American journalist (born 1947)

Steve Haskin (born 1947 in New York) is an American horse racing journalist and author. A former Wall Street employee, Haskin became interested in horse racing in 1967. He gained recognition for his annual coverage of the Kentucky Derby, first as National Correspondent for the Daily Racing Form and then as Senior Correspondent at The Blood-Horse until June 2015.
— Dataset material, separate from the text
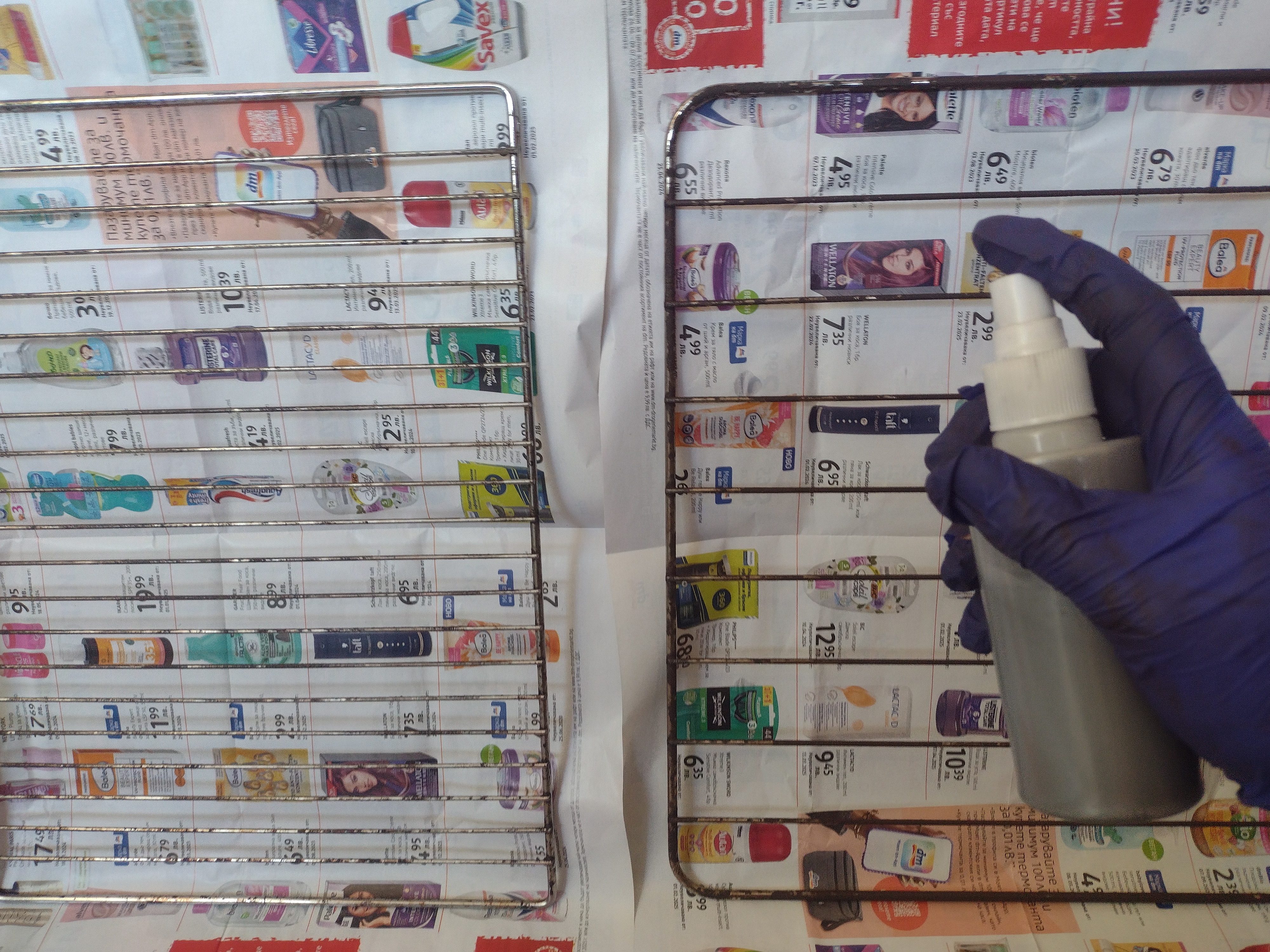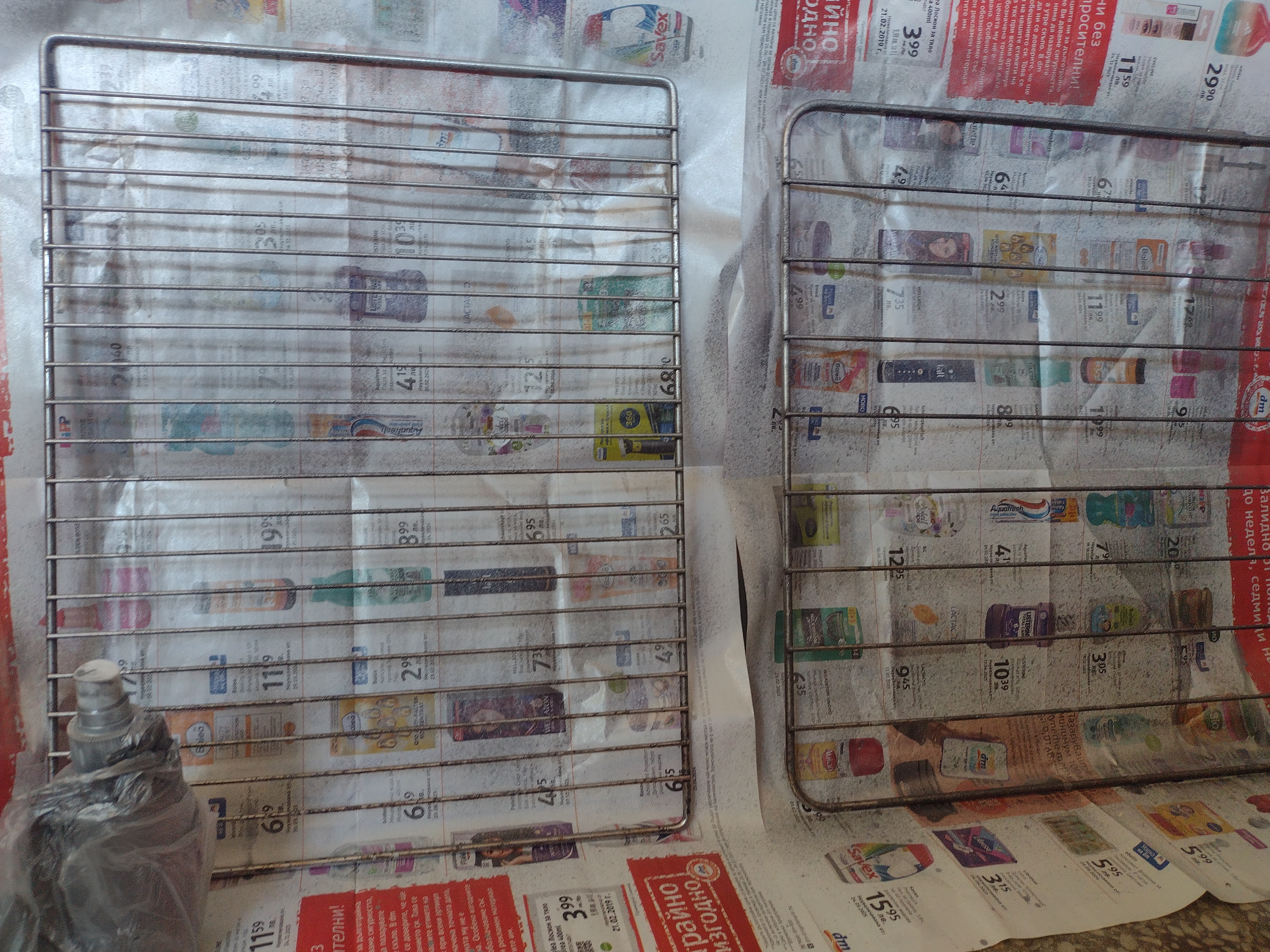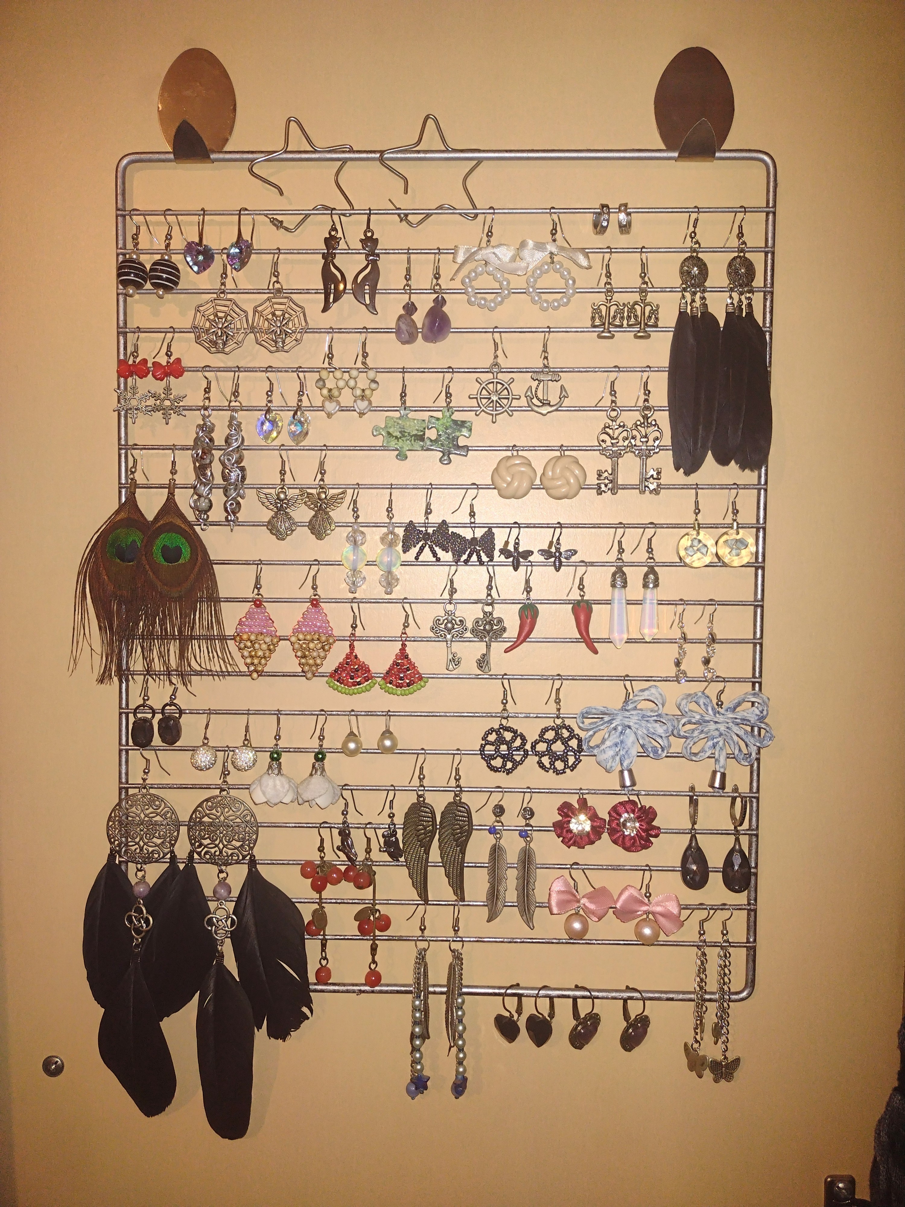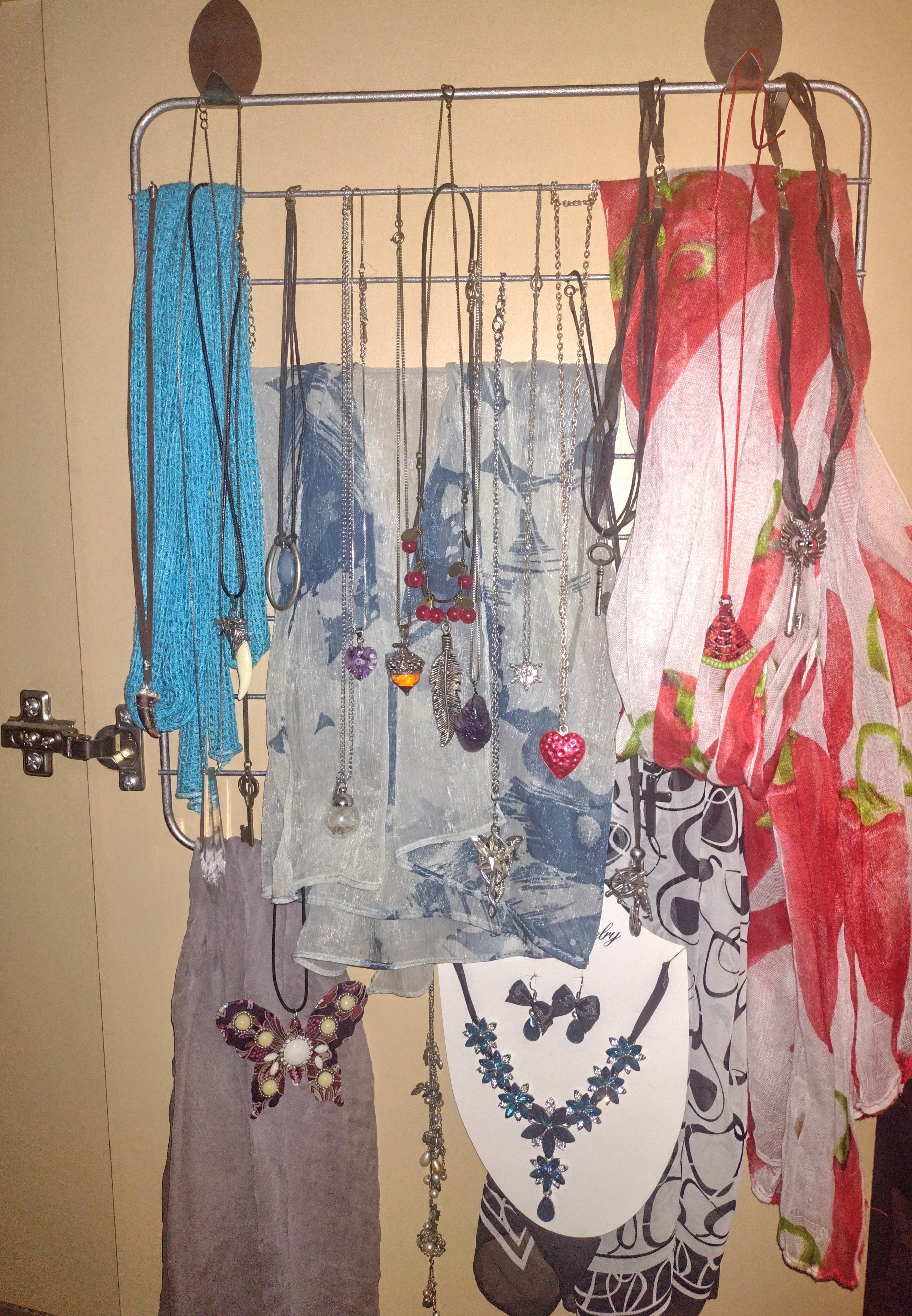 Разполагах с две стари скари от повредени готварски печки, които не бяха подходящ размер за новата печка, но не исках да ги изхвърлям. (Печките са предадени за рециклиране.) Използвах WD-40, за да премахна по-лесно замърсяванията и ръждата. За съжаление се оказа, че няма чиста основа и използвах бронз в спрей-флакон, за да възстановя добрия външен вид. След като скарите изсъхнаха (помогнах си с пистолет за горещ въздух), оставаше само да залепя закачалките в гардероба и да ги поставя. Бившите скари се превърнаха в практичен органайзер за бижута - за дами като мен, които не разбират израза "Имаш ДОСТАТЪЧНО" 😃

Among his awards are the Walter Haight Award, Charles Englehard Award, and Old Hilltop Award, all for career excellence; he won six Red Smith Awards for Kentucky Derby coverage, two William Leggett Awards for Breeders' Cup coverage, and five First Place American Horse Publications Awards in five different categories. He was elected to the National Museum of Racing Hall of Fame Media Roll of Honor (2016).

==Books==
Steve Haskin is the author of six books:
- Baffert : Dirt Road to the Derby, co-author with Bob Baffert, Blood-Horse, 1999.
- Dr. Fager: Thoroughbred Legends, Eclipse Press, 2000.
- Horse Racing's Holy Grail: The Epic Quest for the Kentucky Derby, Eclipse Press, 2002.
- Kelso, Eclipse Press, 2003.
- John Henry: Racing's Grand Old Man, Eclipse Press, 2007.
- Tales From the Triple Crown, Eclipse Press, 2008.